- _Your assignment_:
From the line below that contains "Cabozantinib plasma concentration" to the line that contains "Illustration shows the", repeat every line exactly, both ends included, and nothing else.

- _Data excerpts_:
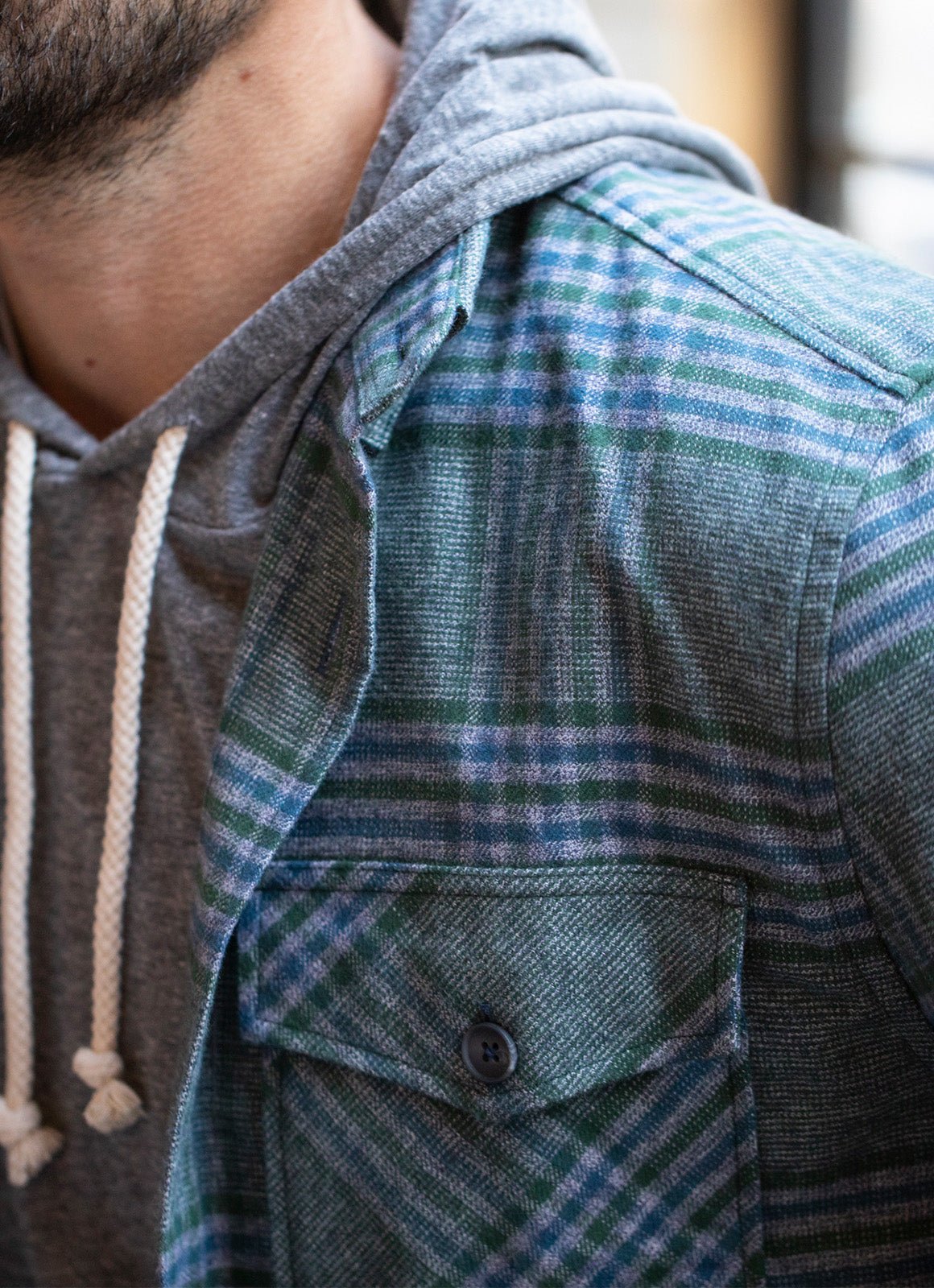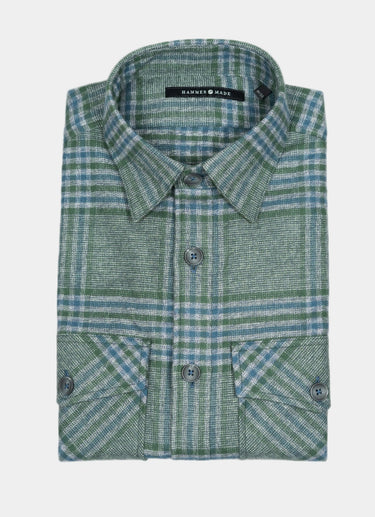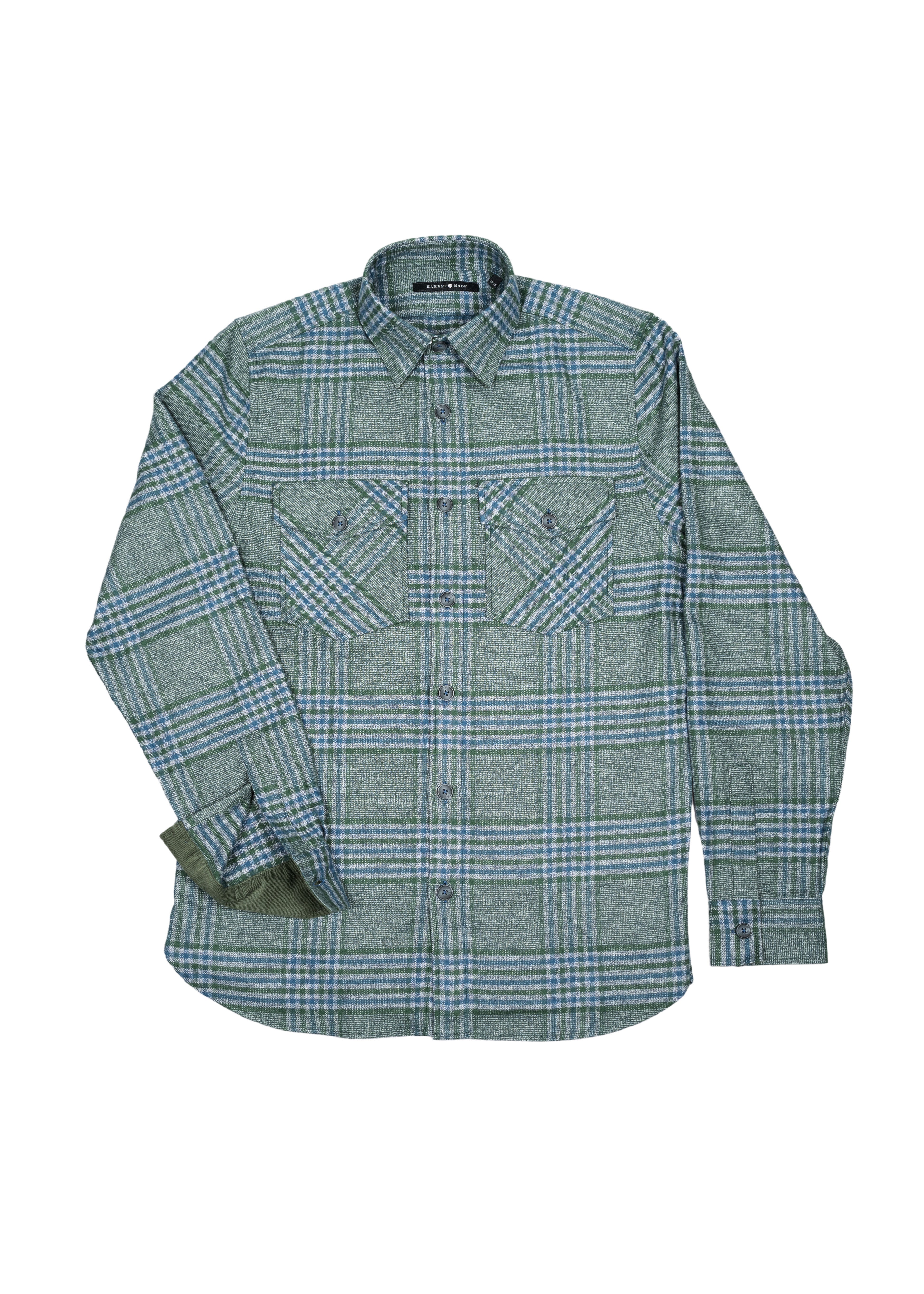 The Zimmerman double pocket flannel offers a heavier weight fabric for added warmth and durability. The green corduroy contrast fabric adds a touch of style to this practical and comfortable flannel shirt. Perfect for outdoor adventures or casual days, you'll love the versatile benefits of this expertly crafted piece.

==

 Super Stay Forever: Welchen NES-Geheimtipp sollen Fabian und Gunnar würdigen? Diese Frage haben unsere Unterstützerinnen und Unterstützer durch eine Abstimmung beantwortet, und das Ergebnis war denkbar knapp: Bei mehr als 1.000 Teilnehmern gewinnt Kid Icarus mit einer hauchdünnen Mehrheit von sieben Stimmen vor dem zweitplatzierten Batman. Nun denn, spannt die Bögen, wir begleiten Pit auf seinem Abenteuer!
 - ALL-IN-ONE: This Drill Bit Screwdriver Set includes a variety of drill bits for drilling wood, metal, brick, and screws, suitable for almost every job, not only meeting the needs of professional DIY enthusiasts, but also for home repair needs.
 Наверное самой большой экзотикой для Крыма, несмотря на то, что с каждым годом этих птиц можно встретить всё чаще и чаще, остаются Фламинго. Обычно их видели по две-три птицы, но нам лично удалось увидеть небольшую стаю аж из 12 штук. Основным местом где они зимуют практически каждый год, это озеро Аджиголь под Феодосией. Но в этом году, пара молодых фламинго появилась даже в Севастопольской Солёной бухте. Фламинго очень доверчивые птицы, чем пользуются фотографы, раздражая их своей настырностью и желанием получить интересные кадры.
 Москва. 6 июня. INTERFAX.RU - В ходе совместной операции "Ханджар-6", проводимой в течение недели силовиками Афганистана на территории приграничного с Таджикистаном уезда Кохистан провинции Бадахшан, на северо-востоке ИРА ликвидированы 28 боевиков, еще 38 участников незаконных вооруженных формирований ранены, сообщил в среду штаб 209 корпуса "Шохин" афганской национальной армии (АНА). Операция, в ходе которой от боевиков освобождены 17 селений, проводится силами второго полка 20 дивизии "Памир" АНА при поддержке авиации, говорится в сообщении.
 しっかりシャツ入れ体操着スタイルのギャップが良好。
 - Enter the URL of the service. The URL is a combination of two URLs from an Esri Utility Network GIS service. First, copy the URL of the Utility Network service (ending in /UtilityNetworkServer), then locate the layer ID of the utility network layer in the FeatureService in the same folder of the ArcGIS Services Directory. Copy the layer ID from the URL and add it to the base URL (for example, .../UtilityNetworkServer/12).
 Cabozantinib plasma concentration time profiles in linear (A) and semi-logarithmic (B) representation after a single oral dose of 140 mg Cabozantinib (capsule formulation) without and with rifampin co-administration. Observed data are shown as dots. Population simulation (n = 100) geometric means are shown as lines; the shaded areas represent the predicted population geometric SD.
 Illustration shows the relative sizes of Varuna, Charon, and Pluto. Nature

==

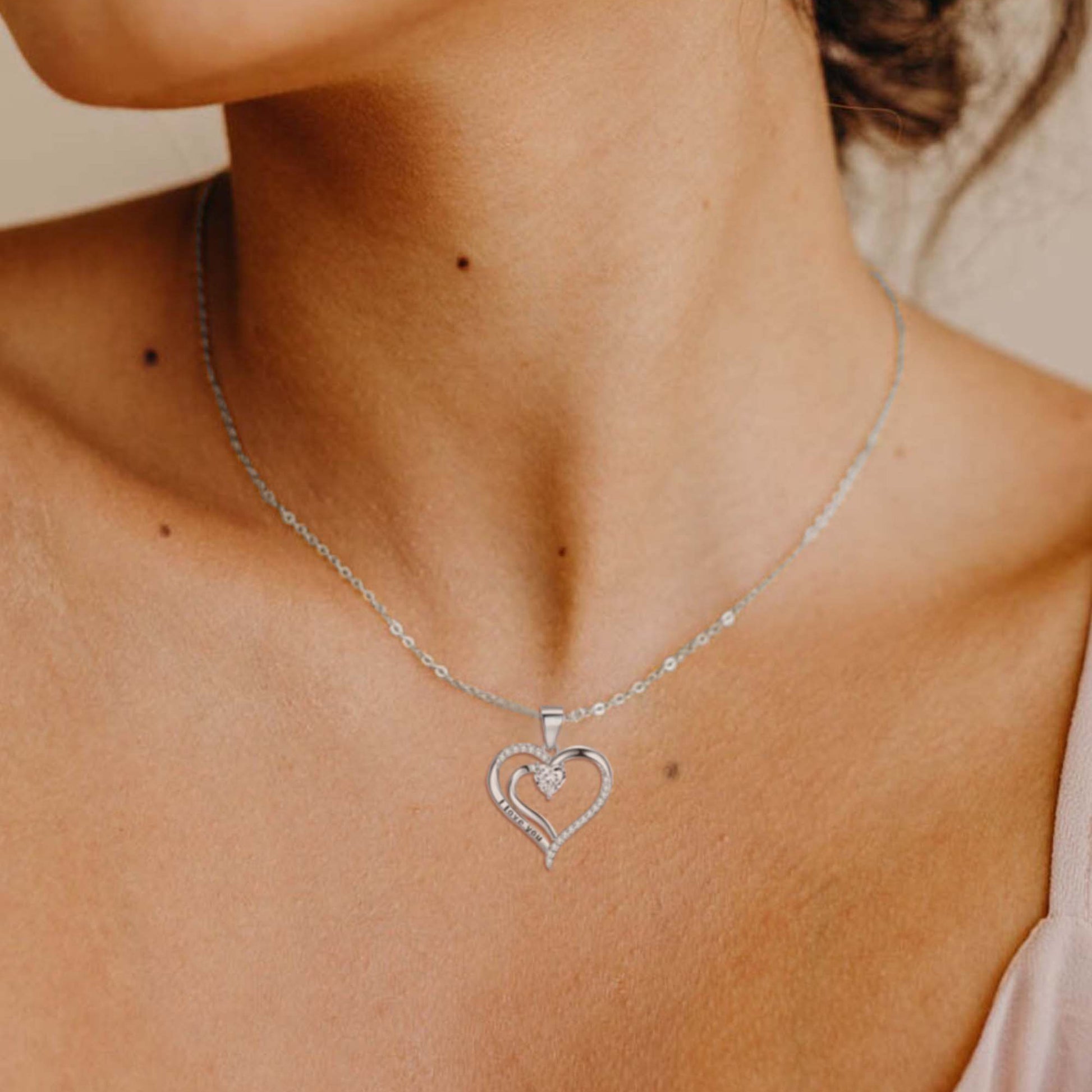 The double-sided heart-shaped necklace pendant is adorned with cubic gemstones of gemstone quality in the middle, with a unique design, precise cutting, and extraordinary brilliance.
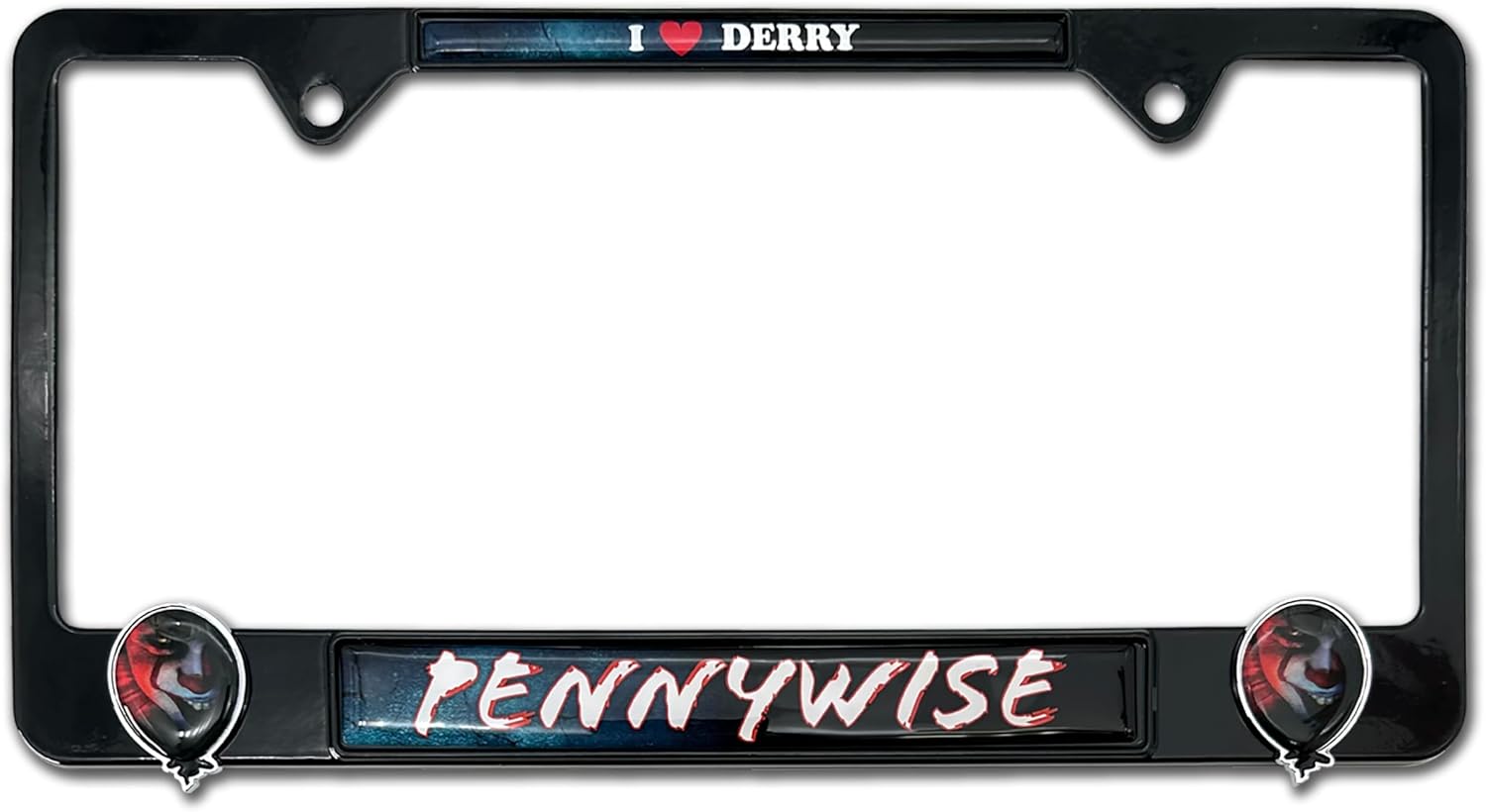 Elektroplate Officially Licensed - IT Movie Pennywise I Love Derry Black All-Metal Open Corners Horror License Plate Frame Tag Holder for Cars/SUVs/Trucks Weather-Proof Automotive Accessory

- _Output of the exercise_:
 Cabozantinib plasma concentration time profiles in linear (A) and semi-logarithmic (B) representation after a single oral dose of 140 mg Cabozantinib (capsule formulation) without and with rifampin co-administration. Observed data are shown as dots. Population simulation (n = 100) geometric means are shown as lines; the shaded areas represent the predicted population geometric SD.
 Illustration shows the relative sizes of Varuna, Charon, and Pluto. Nature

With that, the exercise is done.